In certain cases, though, say-on-pay has been used effectively to mobilize pressure to implement changes in compensation packages. Unfortunately, too often these changes are for the worse, emphasizing the kind of performance-based compensation that only serves to encourage risky behavior and incentivize short-termism, the tendency of CEOs to focus on meeting quarterly stock expectations and thus maximize their bonuses.

This is because compensation packages are often judged based on the company’s stock performance, which is much more dependent on overall market forces than anything the executive can control, and doesn’t necessarily give an accurate indicator of how a company will perform in the long run.

If a company is performing well, shareholders are typically willing to approve whatever pay package is put in front of them. On the other hand, if a company’s stock is declining and shareholders feel that compensation does not line up with performance, they will vote against pay proposals, and firms frequently make genuine efforts to restructure the CEO’s compensation package.

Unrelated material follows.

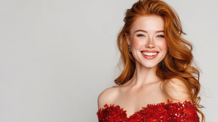 A cheerful young woman with long red hair showcases beauty and elegance in a vibrant red dress, radiating confidence and joy in a studio setting.

Many large pension funds have been on the front lines of these battles, using their size to compel firms they invest in to alter their pay policies in ways that encourage CEOs to focus on longer-term value. The problem is that shareholders often push for more performance-based pay, in which a large proportion of an executive’s compensation is tied to the company’s stock price.

This practice encourages executives to prioritize actions that will boost stock prices in the immediate future – such as stock buybacks – over actions that will create more durable growth – such as investments in innovation. The result is CEOs acting in ways that boosts their pay while harming their companies in the long run.

A more effective measure to curb executive pay by empowering shareholders would be to give them more control over electing corporate board members, which is the aim of the Boardroom Accountability Project. Started by New York City Comptroller Scott Stringer, the Project seeks to give shareholders proxy access, the ability to nominate directors to the board. That idea is gaining traction among pension funds across the nation.

This would, in theory, give shareholders a meaningful voice regarding a variety of business actions, including executive compensation practices. Recently, activists have had decent success in getting some companies to voluntarily change their bylaws to allow proxy access, but the SEC has no intention of crafting a rule forcing firms to do so.

Alternatively, the SEC could mandate that workers receive a delegate to represent them on compensation committees. Or, at the very least, the rule could be changed to make these shareholder votes binding to ensure that companies always take them seriously, which has been an issue for certain firms in the past.

What’s clear is that there’s a lot more work to be done to meet the goal of curbing CEO pay.